(How to complete this task):
Below are entries with pictures in them. Output exactly the lines starting at the line with "đây Phần Lan" and ending at the line with "If you are interested", both included, but not the pictures.

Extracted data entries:

◇ ◇ ◇ ◇ ◇ ◇ ◇

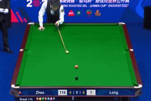 决胜局中赵心童轰出129分破百获胜,他的单手击球也引发现场观众欢呼。
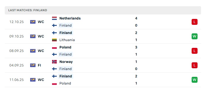 • Phong độ gần đây Phần Lan
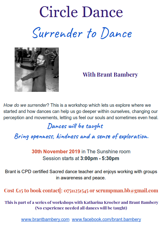 If you are interested in surrendering in dance then come along to my session on 30 November 2019 at the Sunshine Room Findhorn Park Scotland.
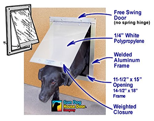 Studio : Gun Dog Publisher : Gun Dog Binding : Misc. Product Description As your dog goes in or out through the pet door, the inner panel swings freely on its' hinge to allow easy access. Close tolerances mean less air infiltration than other free-swinging pet doors. Two-Way Dog Door Design. FREE SWING DOOR. No spring-hinge. Recommended for dogs that are timid, arthritic, or old, and if you need a silent operating dog door. Aluminum Frame. Weighted closure to self shut. Hardware Included: only 4 screws required Installation Size: 12 1/2" x 17 1/4" opening. Dog Door Frame Size: 14" x 18" Dog Door Opening Size: 11" x 14 1/2". Optional Close-Off Panel available separately. Made in the USA. 0
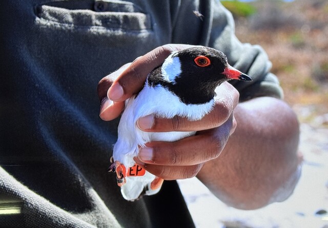 The very first hooded plover to be banded on Eyre Peninsula sporting its EP flag so its movements can be tracked. (Rachael Kannussaar)
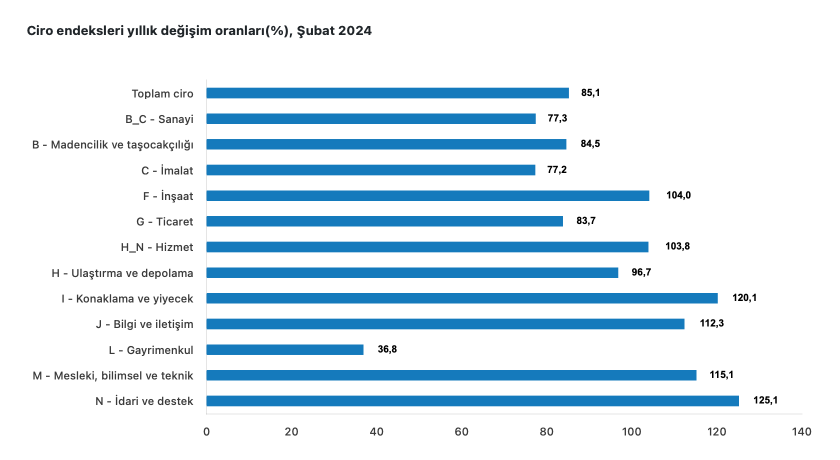 Toplam cironun alt detaylarına bakıldığında; 2024 yılı Şubat ayında yıllık sanayi sektörü ciro endeksi %77,3 arttı, inşaat ciro endeksi %104,0 arttı, ticaret ciro endeksi %83,7 arttı, hizmet ciro endeksi %103,8 arttı.
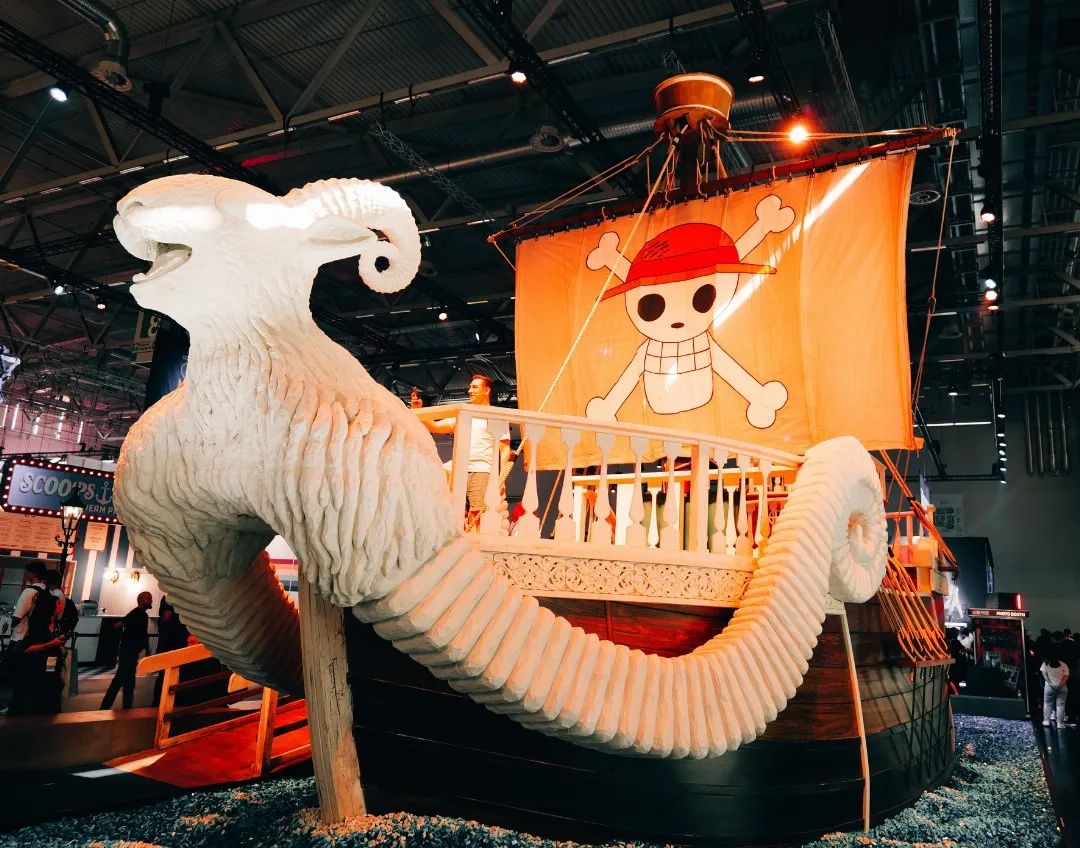 這裏補充個背景,那就是Gamescom不同於國內遊戲展,對於廠商展位搭建的高度限制很寬鬆,所以每年現場的“巨物奇觀”造景都特別多。比如跟鷹角在同一個展廳的《海賊王》真人電視劇,就是搬了艘少説也有1:3還原的“黃金號梅麗號“來。
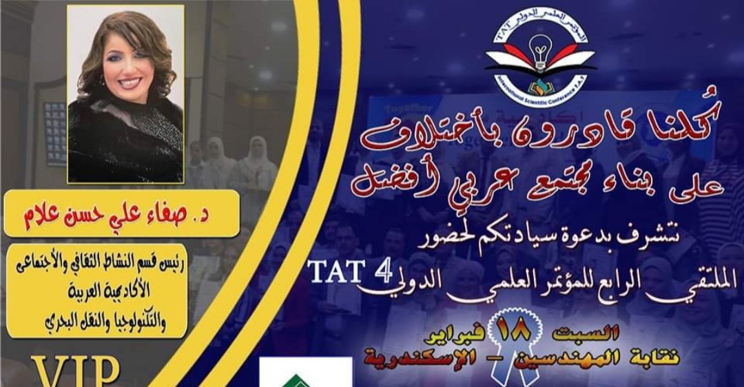 والجدير بالذكر أن القائمين على مؤتمر( قادرون باختلاف لبناء وطن عربي أفضل) قد أرسلوا دعوة حضور،و تكريم للدكتورة صفاء علي حسن علام رئيس قسم النشاط الثقافي ،و الاجتماعي للأكاديمية العربية و التكنولوجيا و النقل البحري من أجل حضورها ،و تكريمها بالمؤتمر، و قد توجهت بالشكر للدكتور روبرت إدوار رئيس المؤتمر ،و جميع القائمين عليه ،ومن هنا فإن أسرة الجريدة تتقدم بالتهنئة مقدما لكلا من الدكتور روبرت إدوار ،و الدكتورة سارة عبد اللطيف على نجاح المؤتمر ،و تتمنى لهم دوام النجاح،و التوفيق في جميع أعمالهم، وخطواتهم القادمة .

◇ ◇ ◇ ◇ ◇ ◇ ◇

(Final answer):
 • Phong độ gần đây Phần Lan
 If you are interested in surrendering in dance then come along to my session on 30 November 2019 at the Sunshine Room Findhorn Park Scotland.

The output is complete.